The Benefits of Dams to Society


Did You Know...

...that Lexington Dam saved the city of San Jose, California, from flood damage worth more than the cost of the project within three months of its construction in 1952?

The dam, designed and owned by the Santa Clara Valley Water District, and constructed by Guy F. Atkinson Company, is on Los Gatos Creek. It is a 200-foot-high earth embankment dam, and stores about 20,000 acre-feet. It was constructed during a single season in 1952, at a cost of about $3 million.
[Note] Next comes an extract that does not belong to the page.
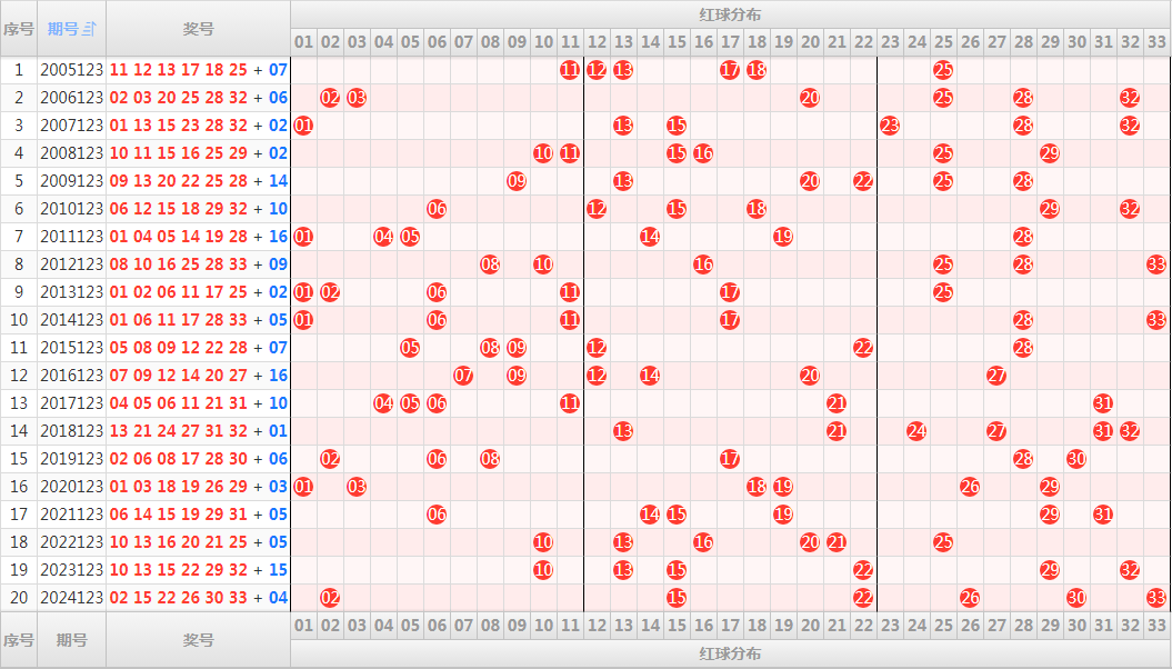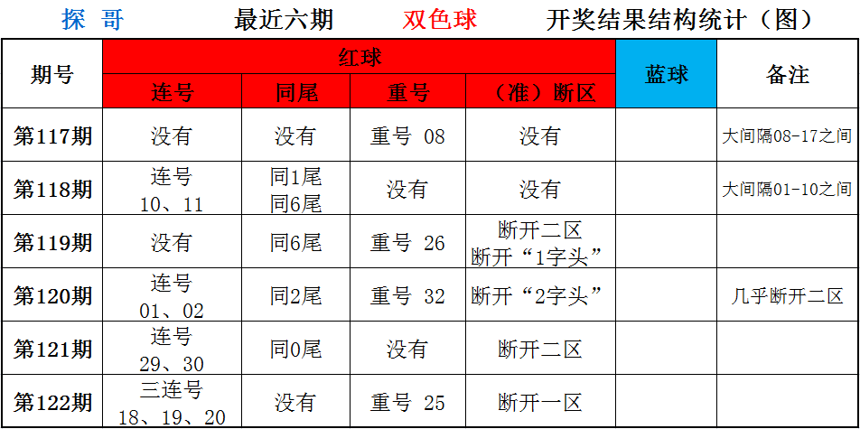 开奖号码结构:红球一对三连号18、19、20,没有同尾,重号25,断开一区。

The original, exclusive purpose of the dam was water conservation - to capture winter storm runoff and use it for recharge of the aquifers underlying the Santa Clara Valley.

Los Gatos Creek is a principal tributary of the Guadalupe River, which flows through the city of San Jose. The winter of 1952-53 was exceptionally wet, and the reservoir behind Lexington filled exactly to spillway level by January 1953. At the same time, the Guadalupe River was at flood stage and lapping at the bridge soffits through the city.

It is estimated that this single act of incidental flood control prevented flood damages of more than $3 million; thus, the dam paid for itself within three months. In 45 years, the project's benefits have included water conservation (with the value of the conserved water escalating from $5 an acre-foot to more than $90), recreation and incidental flood control for the San Jose area.